Encrypt everything? Please reconsider. [29 May 2016|11:16am]

Somehow it became fashionable among site admins to set it up so that accessing over HTTP was immediately redirected to https://. But doing that adds new ways to fail, such as certificate expired:

Notice that Firefox provides no way to ignore the problem and access the website (which was supposed to be accessible over HTTP to begin with). Solution? Use Chrome, which does:

Or, disable NTP and change your PC's clock two days back (be careful with running make while doing so).

This was discussed by CKS previously (of course), and he seems to think that the benefits outweigh the downsides of an occasional fuck-up, like the only website in the world that has the information that I want right now is suddenly unavailable with no recourse.

UPDATE: Chris dicussed the problem some more and brought up other examples, such as outdated KVM appliances that use obsolete ciphers.

One thing I'm wondering about is if a redirect from http:// to https:// makes a lot of sense.

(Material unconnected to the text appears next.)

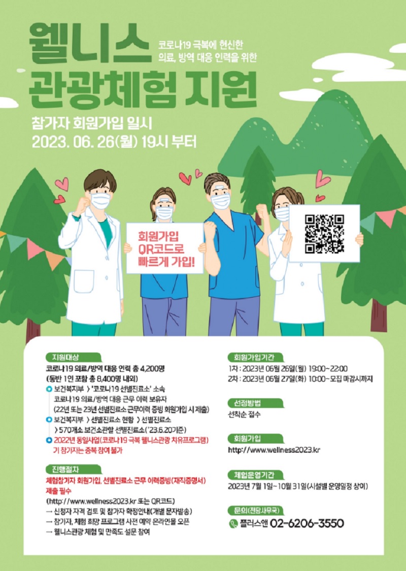 문화체육관광부는 보건복지부, 한국관광공사와 함께 코로나 최전선에서 헌신한 보건의료인 4000명을 위해 ‘웰니스관광 체험 지원사업’ 신청을 받는다고 20일 밝혔다.

If you do not support access by plain HTTP, why not return ECONNREFUSED? I'm sure it's an extremely naiive idea.

[link] 1 comment|post comment

Russian Joke [25 May 2016|01:15pm]

In a quik translation from Bash:

XXX: Still writing that profiler?
YYY: Naah, reading books now
XXX: Like what books?
YYY: TCP Illustrated, Understanding the Linux kernel, Linux kernel development
XXX: And I read "The Never-ending Path Of Hatred".
YYY: That's about Node.js, right?

[link] post comment

Dell, why u no VPNC [21 May 2016|09:46pm]

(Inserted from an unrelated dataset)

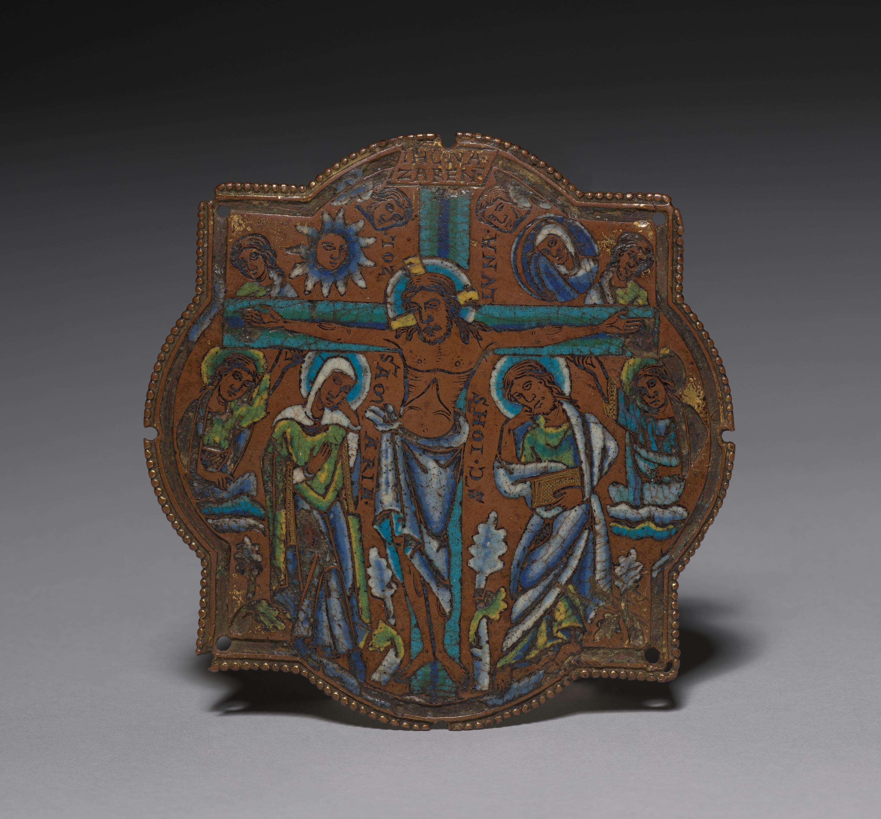 Enamel plaque depicting a crucifixion scene. The plaque has a brown background with a blue and green design. It is shaped like a rounded shield with a decorative edge. The crucified figure is centered on the plaque with a halo around the head. The figure is wearing a loincloth and has a blue and white robe draped over the body. The hands are nailed to the cross and the head is tilted to one side. There are several other figures around the central figure. Two men on either side of the cross have halos and wear robes. The man on the left has a green tunic and blue pants, and holds a cloth. The man on the right has a green tunic and blue pants. There are additional figures at the top of the plaque. The top center has a blue and green design with text on either side. The text is in black. The border of the plaque has a decorative edge with small bumps. The plaque appears to be made of metal with enamel details. The background of the image is a gradient from dark gray to light gray.

Yo, we heard you liked remote desktops, so we put remote desktop into a remote desktop, now you can remote desktop while remote desktop.

I remember how IBM simply put VPNC interface in their Bladecenter. It was so nice. Unfortunately, vendors never want to be too nice to users, so their next release switched to a Java applet. Dell copied their approach for DRAC5. In theory, this should be future-proof, all hail WORA. In practice, it only worked with a specific version of Java, which was current when Dell shipped R905 ten years ago. You know, back then Windows XP was new and hot.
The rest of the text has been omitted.